Work task
Only the lines from the start of the entries through the line with "Still on the" should be returned, each exactly as it stands, and no pictures.

Data supplied
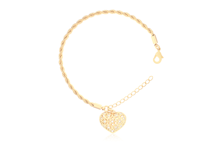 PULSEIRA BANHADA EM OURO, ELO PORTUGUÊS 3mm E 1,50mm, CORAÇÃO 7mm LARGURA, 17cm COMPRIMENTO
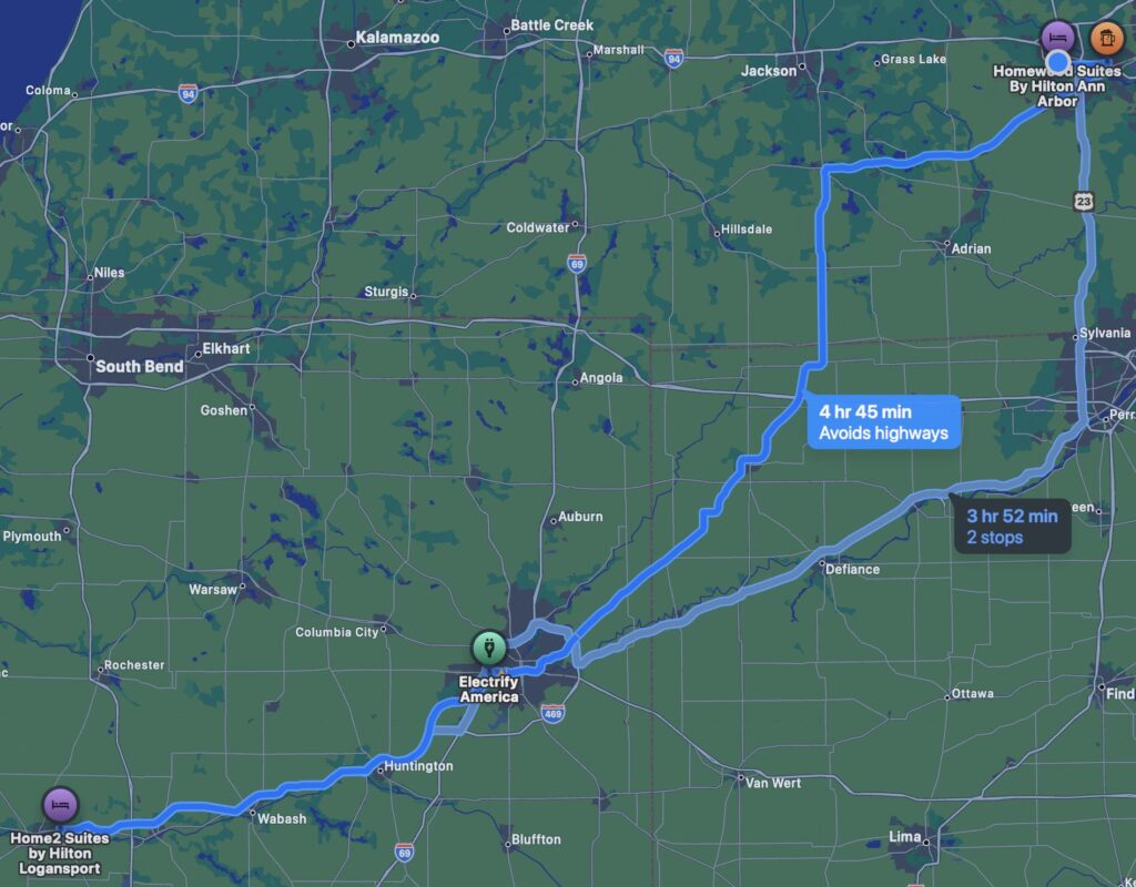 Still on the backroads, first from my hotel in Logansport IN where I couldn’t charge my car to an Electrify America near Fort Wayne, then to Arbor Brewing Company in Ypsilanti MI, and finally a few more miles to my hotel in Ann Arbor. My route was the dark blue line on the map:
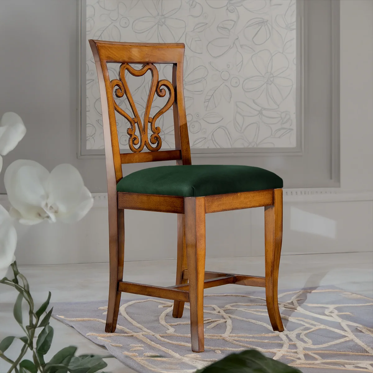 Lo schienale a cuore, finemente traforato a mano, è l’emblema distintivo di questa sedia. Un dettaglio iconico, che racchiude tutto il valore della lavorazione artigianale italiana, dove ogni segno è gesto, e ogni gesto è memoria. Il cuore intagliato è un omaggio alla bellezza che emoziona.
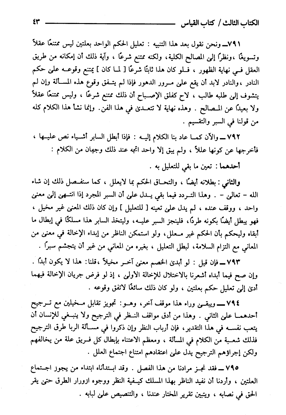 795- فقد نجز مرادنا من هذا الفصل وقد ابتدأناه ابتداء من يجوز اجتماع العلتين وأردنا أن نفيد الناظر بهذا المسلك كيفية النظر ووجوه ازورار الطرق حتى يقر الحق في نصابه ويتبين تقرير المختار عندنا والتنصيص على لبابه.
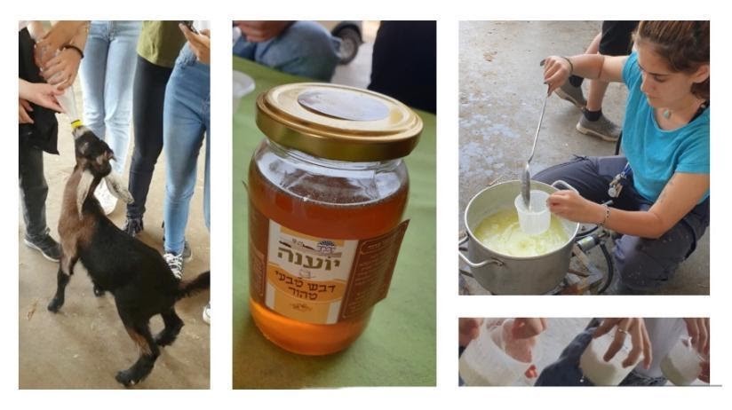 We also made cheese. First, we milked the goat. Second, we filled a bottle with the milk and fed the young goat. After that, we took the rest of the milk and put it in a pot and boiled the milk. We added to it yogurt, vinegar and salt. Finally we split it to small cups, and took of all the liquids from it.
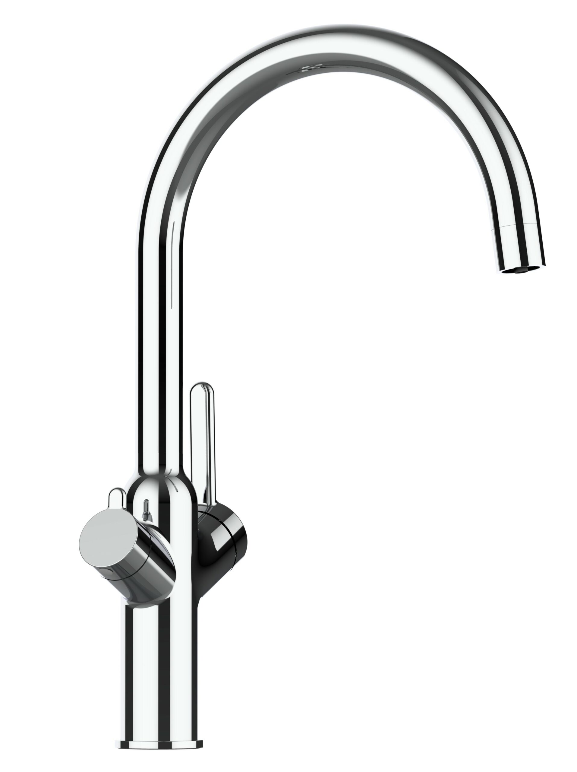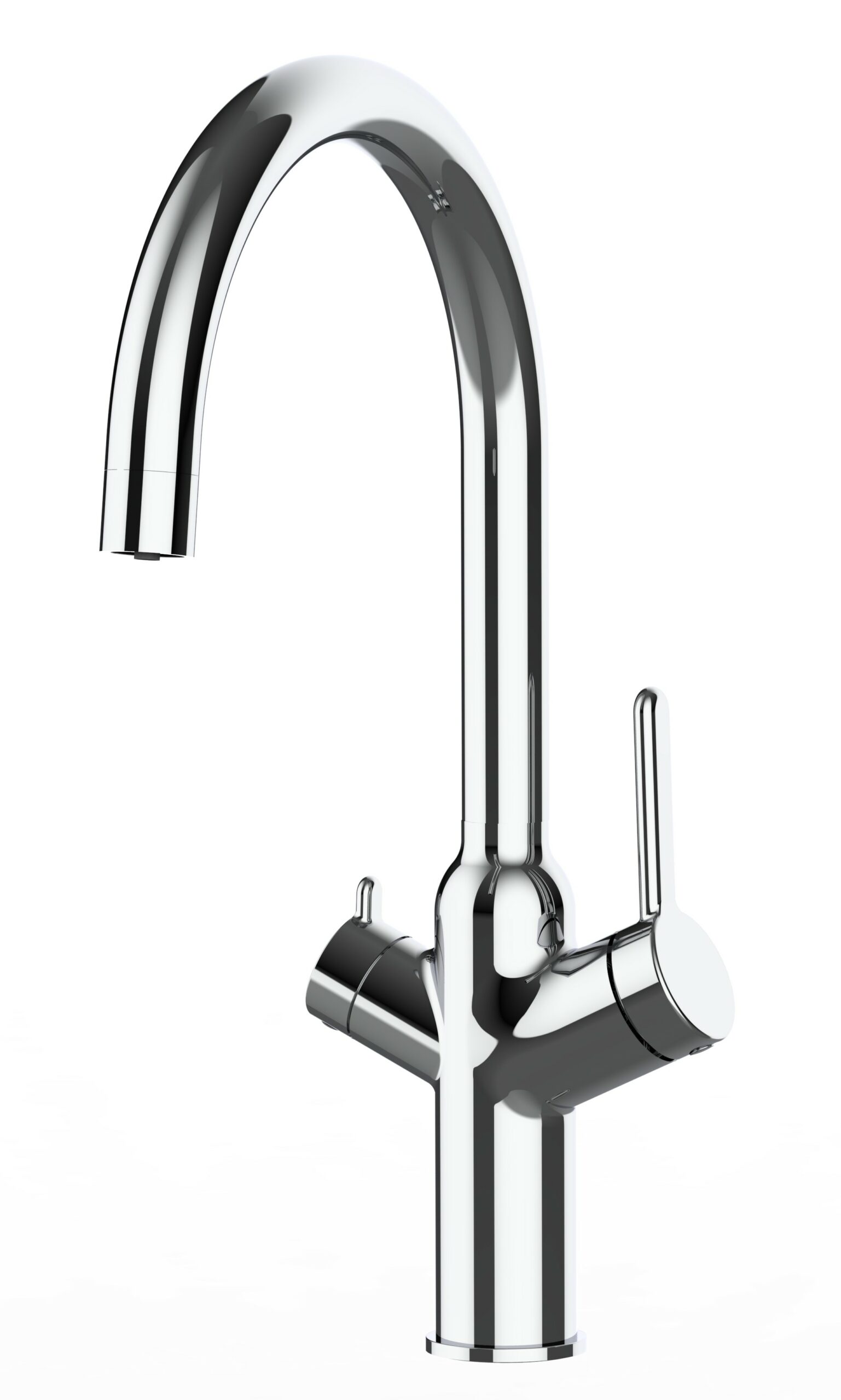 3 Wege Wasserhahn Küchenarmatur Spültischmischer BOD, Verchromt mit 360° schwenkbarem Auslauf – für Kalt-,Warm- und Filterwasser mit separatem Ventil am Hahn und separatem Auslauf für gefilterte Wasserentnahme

Answer box
 PULSEIRA BANHADA EM OURO, ELO PORTUGUÊS 3mm E 1,50mm, CORAÇÃO 7mm LARGURA, 17cm COMPRIMENTO
 Still on the backroads, first from my hotel in Logansport IN where I couldn’t charge my car to an Electrify America near Fort Wayne, then to Arbor Brewing Company in Ypsilanti MI, and finally a few more miles to my hotel in Ann Arbor. My route was the dark blue line on the map:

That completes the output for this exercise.